St. Petersburg State University , 198504 St. Petersburg, Russia.
Nano Lett. 2014 Sep 10;14(9):4982-8. doi: 10.1021/nl501389h. Epub 2014 Aug 22.
Many propositions have been already put forth for the practical use of N-graphene in various devices, such as batteries, sensors, ultracapacitors, and next generation electronics. However, the chemistry of nitrogen imperfections in this material still remains an enigma. Here we demonstrate a method to handle N-impurities in graphene, which allows efficient conversion of pyridinic N to graphitic N and therefore precise tuning of the charge carrier concentration.
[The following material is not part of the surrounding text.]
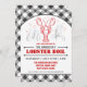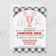 Fervura da lagosta/convite do assar com um fundo, uma lagosta, uns moluscos, umas bolhas, e uma alga do teste padrão do guingão. Fácil personalizar com seu próprio texto. Ilustração original pelo pj_design. Verifique por favor minha loja para ver se há mais como esta.

By applying photoemission spectroscopy and density functional calculations, we show that the electron doping effect of graphitic N is strongly suppressed by pyridinic N. As the latter is converted into the graphitic configuration, the efficiency of doping rises up to half of electron charge per N atom.
许多人已经提出了将 N- 石墨烯应用于各种器件的实际应用的建议,如电池、传感器、超级电容器和下一代电子设备。然而,这种材料中氮缺陷的化学性质仍然是一个谜。在这里,我们展示了一种处理石墨烯中 N 杂质的方法,该方法允许将吡啶 N 高效转化为石墨 N,从而精确调整载流子浓度。通过应用光电子能谱和密度泛函计算,我们表明石墨 N 的电子掺杂效应受到吡啶 N 的强烈抑制。随着后者转化为石墨构型,掺杂效率上升到每个 N 原子半个电子电荷。